Every minister and most church members have experienced one tension in worship. The tension is between member preferences. Some members want changes and innovations in worship; others enjoy the current worship and are opposed to any changes.
In many churches and among younger Christians (remember: I work with college students), the default position is that innovation and change is a must. Many ministries operate out of an assumption that if anything stays the same for a couple of years, people will not be engaged.
Churches should not make the opposite mistake, though, and think that change is bad. We should aim to make our church practices relevant to the culture around us.
But relevant does not mean trendy.
We must realize that change and innovation is not always a positive. And this is where some comments by C. S. Lewis have been helpful for me.
In the first chapter of Letters to Malcolm: Chiefly on Prayer, C. S. Lewis discusses why he thinks worship innovations are ill-advised. His comments, I think, should be viewed as warnings rather than rules, but we should think about what he has to say.
(Lewis’s comments refer to whether the Anglican Church should update its liturgy and prayer book, so he is talking about “high-church” worship rather than “low-church” worship style.

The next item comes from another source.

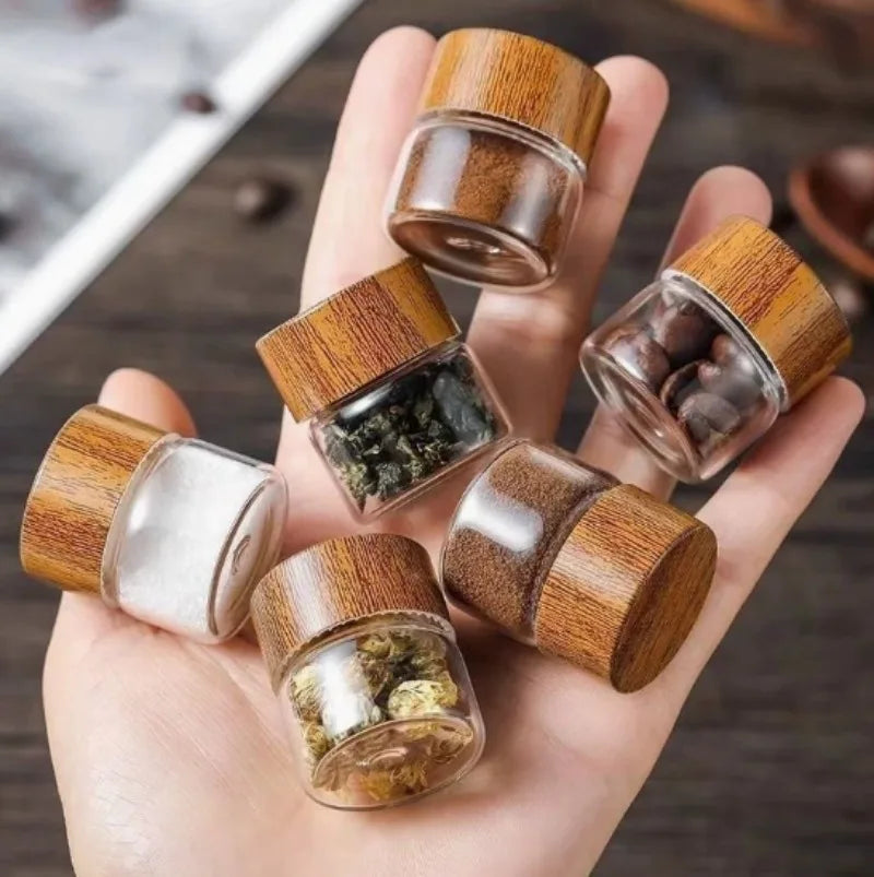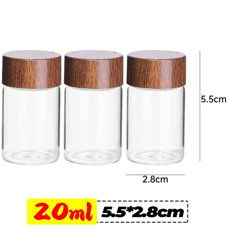 10/20/30ml Mini Glass Bottles DIY Glass Vials Wood Lid Storage Container Tube Portable Coffee Beans Sealed Tank Candy Spice Jars

His points, however, apply to all worship styles.)
Changing the Worship Style
On ministers’ desire to change the church’s worship style, he says:
It looks as if they [Anglican clergy] believed people can be lured to go to church by incessant brightenings, lightenings, lengthenings, abridgements, simplications, and complications of the service. (4)
Lewis does not explain why he thinks it is wrong or unwise to change the service to attract people to it. I wish he would have said more on this point, because people often justify a change in worship by claiming it will attract more people. Lewis might think that these changes do not in fact attract people. But he might also think that, even if the changes do attract people, it is wrong to change things for that reason.
The Entertainment Motive
On the entertainment motive:
Novelty, simply as such, can have only an entertainment value. And they [the laity] don’t go to church to be entertained. They go to use the service, or, if you prefer, to enact it. (4)
On the Effect of Newness in Worship
On what novelty tends to do to the worshipper’s attention and focus:
It fixes our attention on the service itself; and thinking about worship is a different thing from worshipping….A still worse thing may happen. Novelty may fix our attention not even on the service but on the celebrant [that is, the priest]….There is really some excuse for the man who said, “I wish they’d remember that the charge to Peter was Feed my sheep; not Try experiments on my rats, or even, Teach my performing dogs new tricks.” (5)
Of course, I don’t think that Lewis’ comments should lead us to fear change. Mere novelty should not be introduced into worship for the love of change, but mere traditions should not be enshrined in worship for the fear of change.